Data block =>

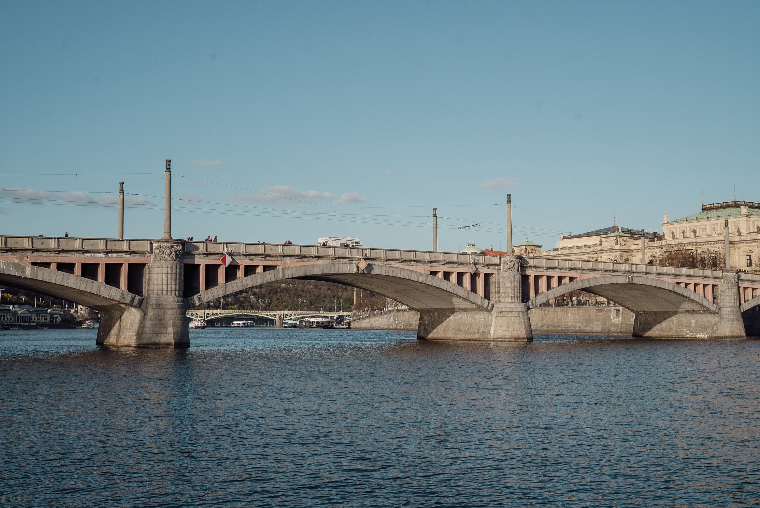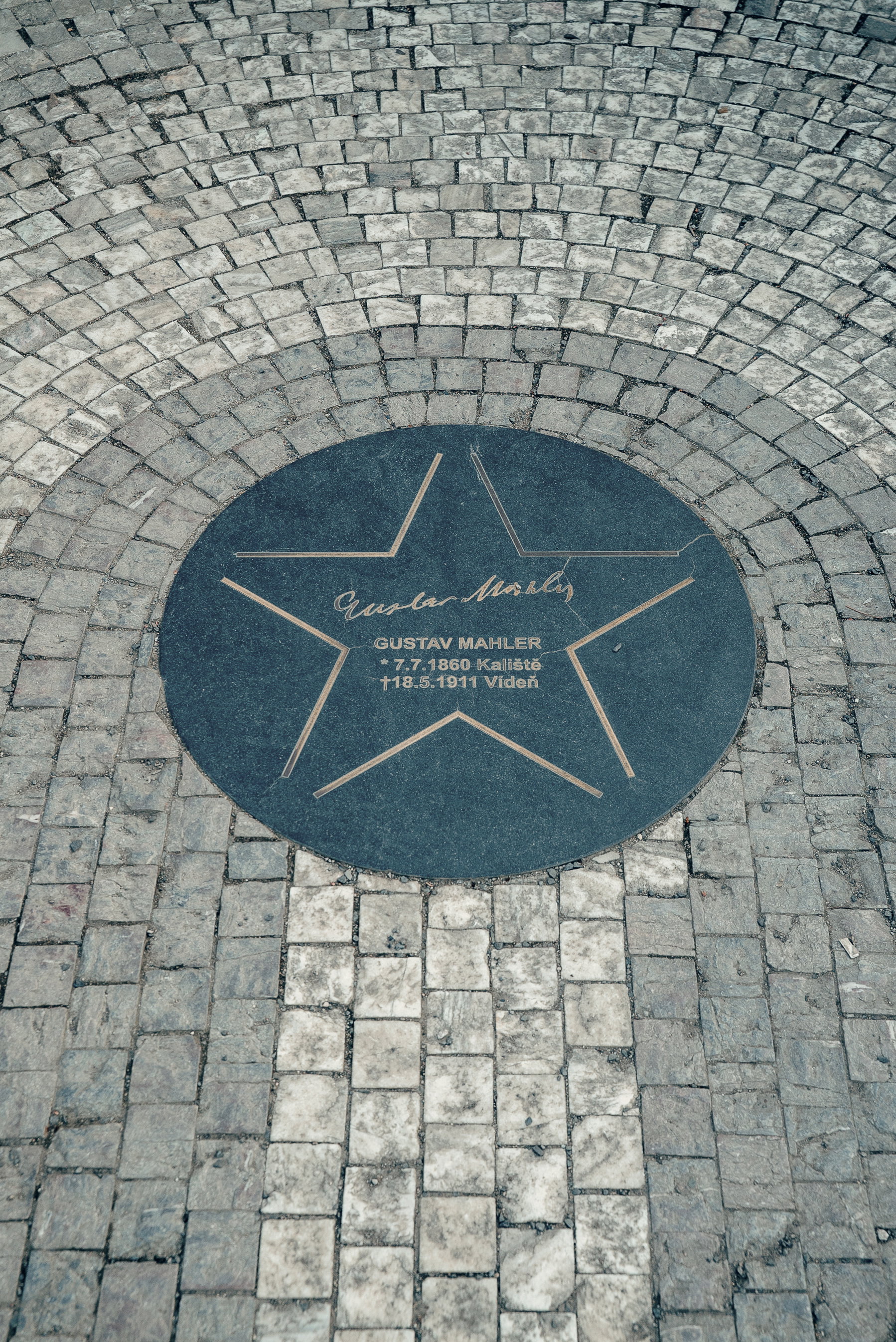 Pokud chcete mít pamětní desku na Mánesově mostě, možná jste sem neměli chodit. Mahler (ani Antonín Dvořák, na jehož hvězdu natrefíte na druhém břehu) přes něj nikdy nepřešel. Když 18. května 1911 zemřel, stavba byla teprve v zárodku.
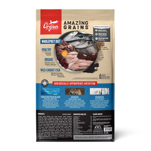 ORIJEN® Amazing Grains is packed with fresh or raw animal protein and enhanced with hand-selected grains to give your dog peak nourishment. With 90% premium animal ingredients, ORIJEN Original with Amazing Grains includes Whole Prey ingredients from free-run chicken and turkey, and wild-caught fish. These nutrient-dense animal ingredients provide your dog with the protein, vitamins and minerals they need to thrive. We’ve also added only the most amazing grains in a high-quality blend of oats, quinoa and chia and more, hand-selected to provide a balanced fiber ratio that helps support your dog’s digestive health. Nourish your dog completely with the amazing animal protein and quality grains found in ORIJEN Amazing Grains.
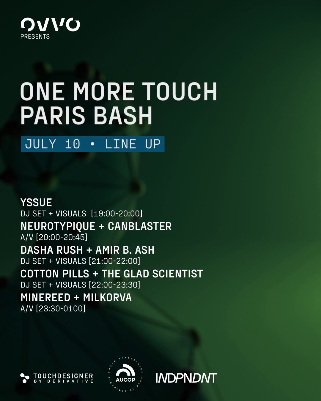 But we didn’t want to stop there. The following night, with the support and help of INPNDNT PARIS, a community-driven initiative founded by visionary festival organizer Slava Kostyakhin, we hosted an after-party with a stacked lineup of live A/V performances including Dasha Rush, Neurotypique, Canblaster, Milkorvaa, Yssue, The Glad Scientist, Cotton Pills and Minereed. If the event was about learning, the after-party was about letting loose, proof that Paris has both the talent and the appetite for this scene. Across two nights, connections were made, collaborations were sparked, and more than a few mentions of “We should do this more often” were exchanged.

Work item => Repeat the listing exactly; do not print any picture.

Response box =>
 Pokud chcete mít pamětní desku na Mánesově mostě, možná jste sem neměli chodit. Mahler (ani Antonín Dvořák, na jehož hvězdu natrefíte na druhém břehu) přes něj nikdy nepřešel. Když 18. května 1911 zemřel, stavba byla teprve v zárodku.
 ORIJEN® Amazing Grains is packed with fresh or raw animal protein and enhanced with hand-selected grains to give your dog peak nourishment. With 90% premium animal ingredients, ORIJEN Original with Amazing Grains includes Whole Prey ingredients from free-run chicken and turkey, and wild-caught fish. These nutrient-dense animal ingredients provide your dog with the protein, vitamins and minerals they need to thrive. We’ve also added only the most amazing grains in a high-quality blend of oats, quinoa and chia and more, hand-selected to provide a balanced fiber ratio that helps support your dog’s digestive health. Nourish your dog completely with the amazing animal protein and quality grains found in ORIJEN Amazing Grains.
 But we didn’t want to stop there. The following night, with the support and help of INPNDNT PARIS, a community-driven initiative founded by visionary festival organizer Slava Kostyakhin, we hosted an after-party with a stacked lineup of live A/V performances including Dasha Rush, Neurotypique, Canblaster, Milkorvaa, Yssue, The Glad Scientist, Cotton Pills and Minereed. If the event was about learning, the after-party was about letting loose, proof that Paris has both the talent and the appetite for this scene. Across two nights, connections were made, collaborations were sparked, and more than a few mentions of “We should do this more often” were exchanged.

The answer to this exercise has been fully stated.